Classification of model types by modality, focused on the input/output distinction.
Multimodal
The umbrella term. A model that handles more than one modality (text, images, audio, video) as input and/or output. The term does not specify which modalities or in which direction — it just means “more than one.”
Vision model
Supports images as input — understanding/analyzing them. In ML, “vision” almost always means perception, not generation. These take images in and produce text out (e.g. GPT-4V, Claude with vision). A vision model does not generate images.
Image generation
No single tidy term, but the common labels:
- Image generation model / text-to-image model — the generic, most-used label (DALL·E, Stable Diffusion, Midjourney, Imagen).

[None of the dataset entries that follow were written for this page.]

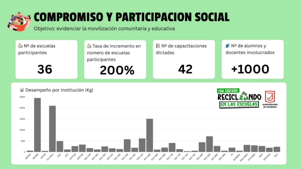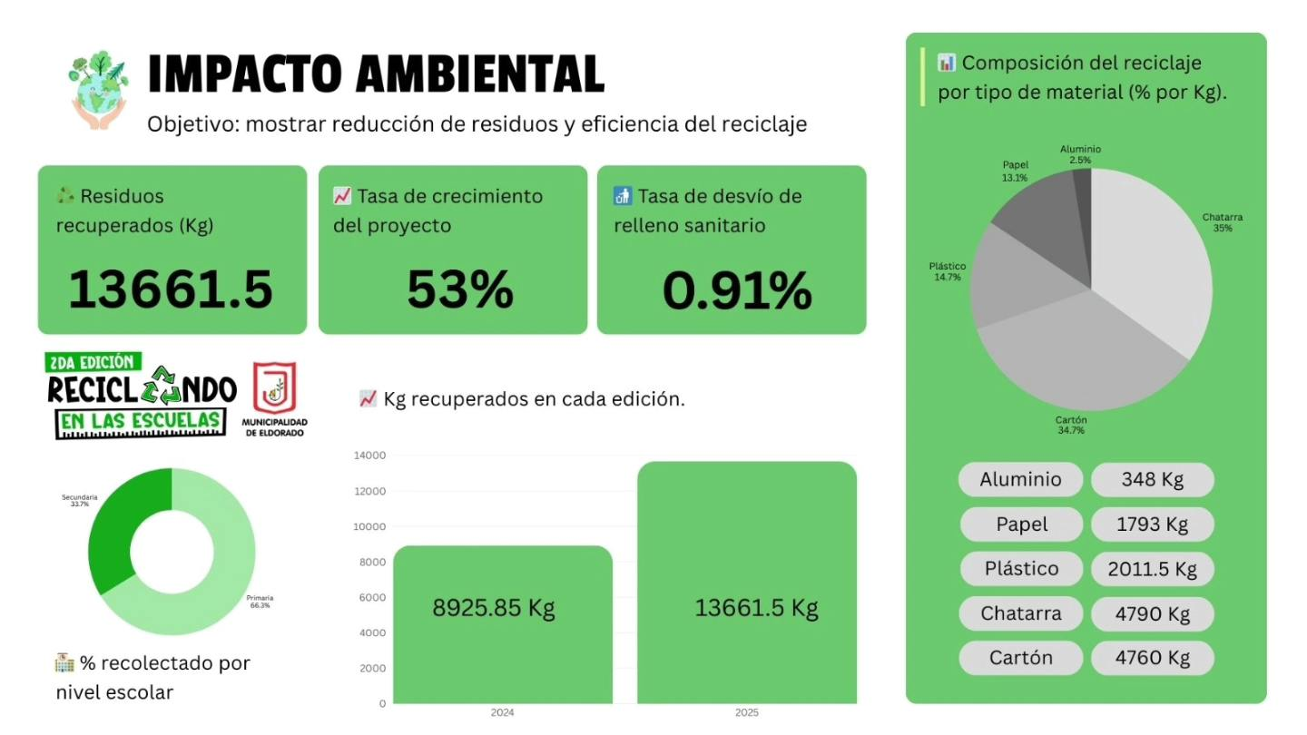 La Municipalidad de Eldorado presentó los resultados de la segunda edición del concurso “Reciclando en las Escuelas”, que alcanzó un récord de 13.661,5 kilos de materiales recuperados. El número representa un crecimiento del 53% respecto al 2024 y contó con la participación de 36 instituciones educativas, involucrando a más de mil alumnos y docentes.
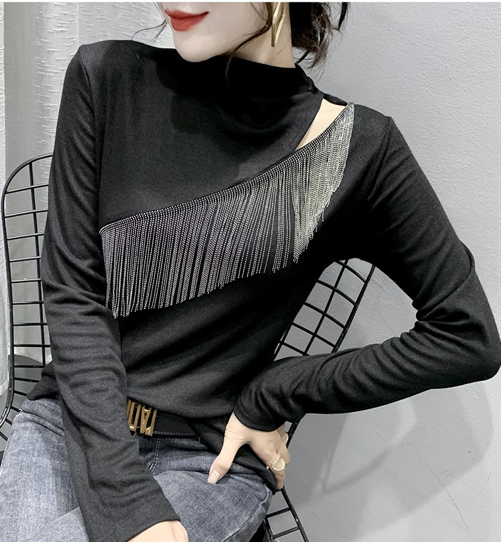 大码胖MM欧洲站秋冬新款流苏链条长袖黑色T恤心机镂空打底衫女潮
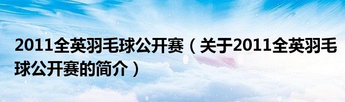 本文關于2011全英羽毛球公開賽的簡介就講解完畢,希望對大家有所幫助。
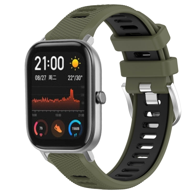 Correa de Reloj para Amazfit GTS 22mm Silicona Dos Colores con Hebilla de Acero (Verde Militar + Negro)
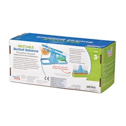 Nestable Bucket Balance encourages children to explore measurement and weight and features an efficient, compact design. Equivalency markings allow students to assign less than, greater than, or equal to symbois to their balance setup so they can demonstrate mass equivalency.- CHOKING HAZARD! Small parts. Not for children under 3 years.
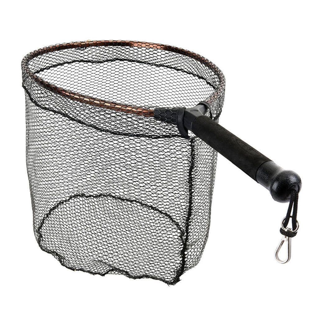 Vision Rivermaniac Net - The Vision Rivermaniac Net has a lightweight aluminium frame measuring 39cm x 31cm, a short 18cm handle and 35cm deep rubber mesh net. You'll find the Rivermaniac net the perfect size for the modern nymph and trout fisher. The net features a comfortable EVA handle with the Rivermaniac logo detail that compliments the colour scheme of the Rivermaniac rods and reels.
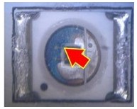 2. 變色:這類失效是指LED不點(diǎn)亮的狀況下,外觀顏色或膠材透明度與新品不同,用肉眼即可看出,通常在產(chǎn)品使用一段時(shí)間或在做完可靠度試驗(yàn)后發(fā)生。一般說(shuō)來(lái),變色區(qū)域大致可區(qū)分為發(fā)生在導(dǎo)線架或封裝膠材兩類,若發(fā)生在導(dǎo)線架,通常是因?yàn)楸砻媾c環(huán)境中的化學(xué)物質(zhì)發(fā)生反應(yīng),如氧化或硫化,要分辨屬于哪種需仰賴成份分析,可使用的儀器包含有EDS(Energy Dispersive X-ray Spectroscope)、XPS(X-ray Photoelectron Spectrometer)、AES(Augur Electron Spectroscope)等等。若是封裝用的膠材發(fā)生變色,則屬于高分子材料的劣化現(xiàn)象,如環(huán)氧樹脂易受高溫或是紫外光影響而變黃,因此白光LED多改采矽膠取代之。分析此類失效應(yīng)特別留意,因膠材本身有一定的透明度,有時(shí)變色的導(dǎo)線架因被膠材蓋住而誤判為膠材變色,引導(dǎo)至錯(cuò)誤的改善方向。
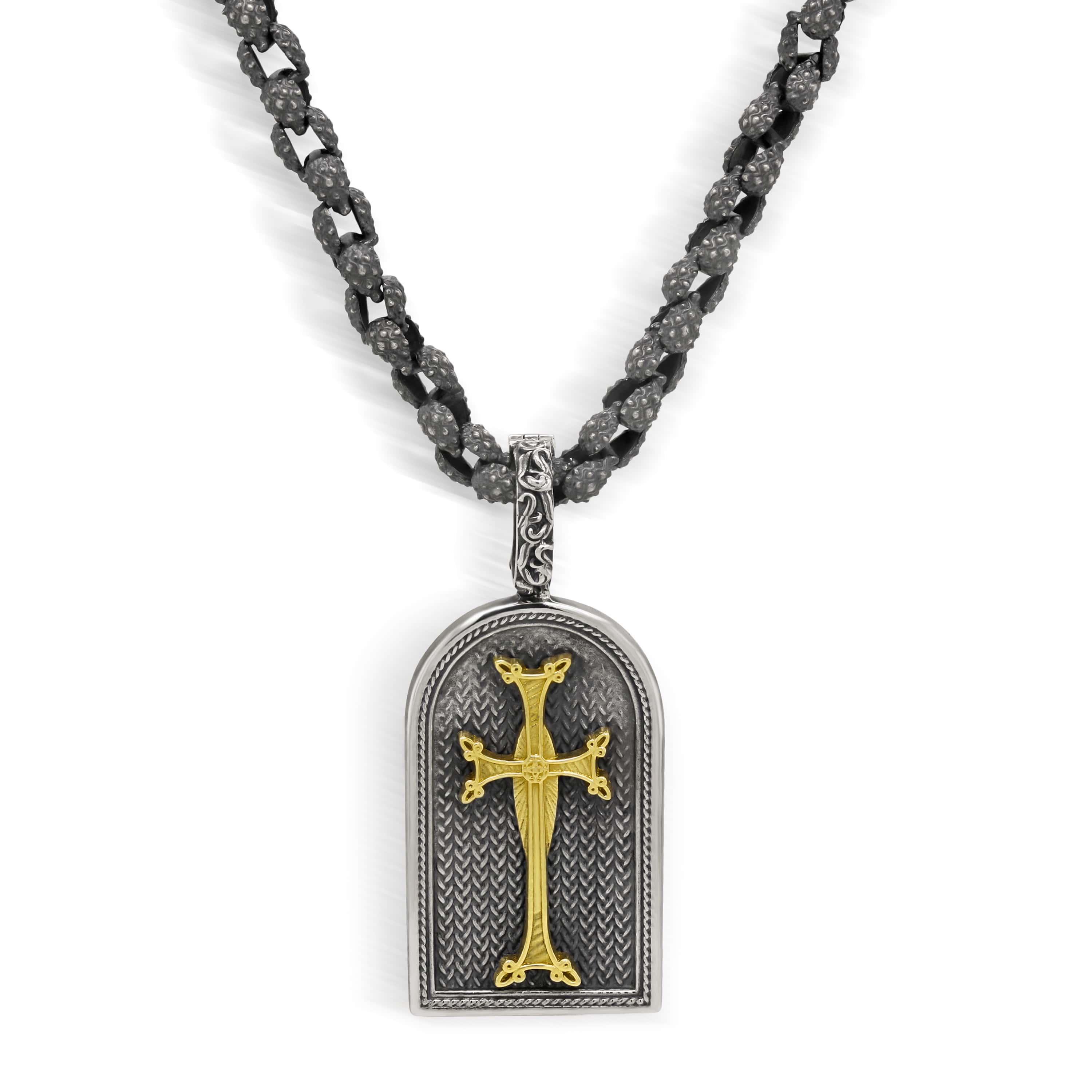 • “Beginnings” Aged Silver & 18K Gold Armenian Cross “Khachkar” Enhancer Pendant Necklace
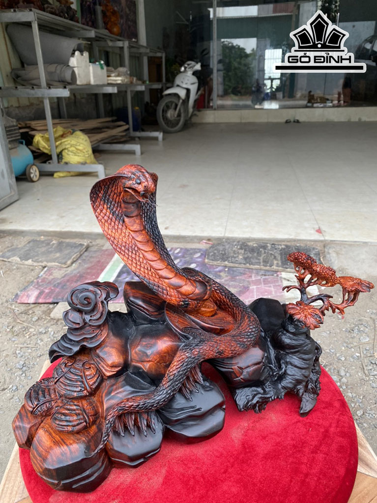 Tượng Rắn Phong Thủy Gỗ Trắc Cao 32 Ngang 45 Sâu 20 (cm)

- Generative vision model — used occasionally, but ambiguous.
- By architecture: diffusion models (most current generators), GANs (older), autoregressive image models.
- Any-to-any / omni model — newer term for models that both understand and generate across modalities in one model.

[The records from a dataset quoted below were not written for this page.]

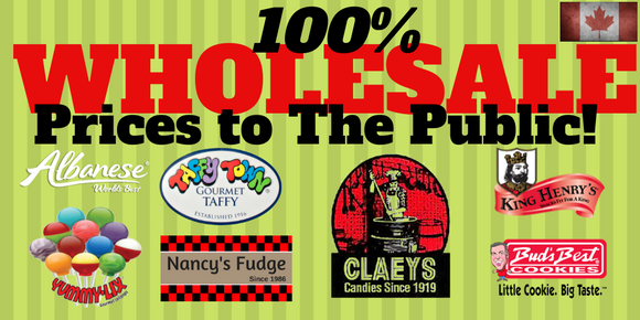 Since 2008 we've offered excellent wholesale pricing on some of the most popular candy, confectionery and snacks. Our Customers are Candy Stores, Gift Stores, Specialty Stores. Gas Bars. Convenience Stores, Farm Markets, Hardware Stores and Pharmacies. We receive orders weekly from our suppliers so you are guaranteed the freshest candy possible. We are confident that after your volume discount, you will not find better wholesale prices on Claeys Candy, Combo Snacks, Kervan Halal Bulk Candy and Salt Water Taffy. Also we have a flat rate shipping fee of $35.00 in the GTA. Indicate this option at check-out if you are in Toronto, Misssissauga, Etobicoke, North York, Scarborough, Guelph. Kitchener Waterloo, and Hamilton and area. Regular shipping fees applies to the rest of Canada.
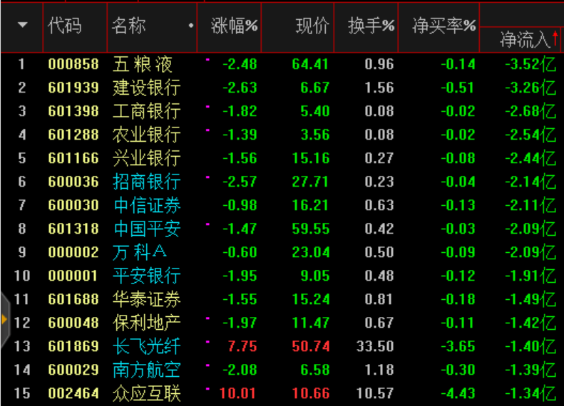 科技股獲得資金青睞,金融、消費(fèi)資金流出明顯。
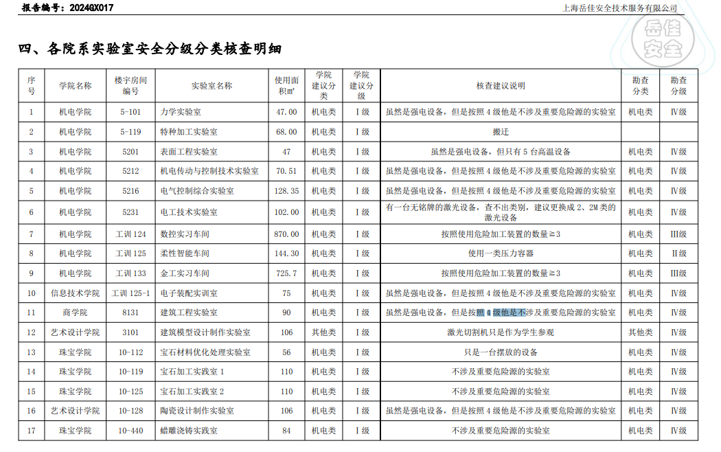 根据教育部《高等学校实验室安全分级分类管理办法(试行)》(教科信〔2024〕4 号)文件精神,结合学校实际,2024年10月,学校聘请岳佳安全技术服务公司的技术专家对实验室重点场所进行风险等级评估,根据风险源勘察结果重新对实验室分级分类并更新实验室安全信息牌。
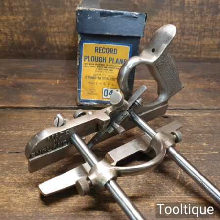 Vintage Record No: 044 plough plane complete with 8 cutters, fully refurbished and ready for use. The plane is in good condition and all components move smoothly. Note: We do not sharpen the irons

Useful framing: input → output split
| Direction | Name |
|---|---|
| text → image | text-to-image |
| image → text | vision / image understanding |
| image → image | image editing / image-to-image |
| text+image → text+image | multimodal generative / any-to-any |
Summary: “Multimodal” is the umbrella; “vision” is specifically the understanding side; image generation lives under “text-to-image” or the underlying architecture name (usually diffusion).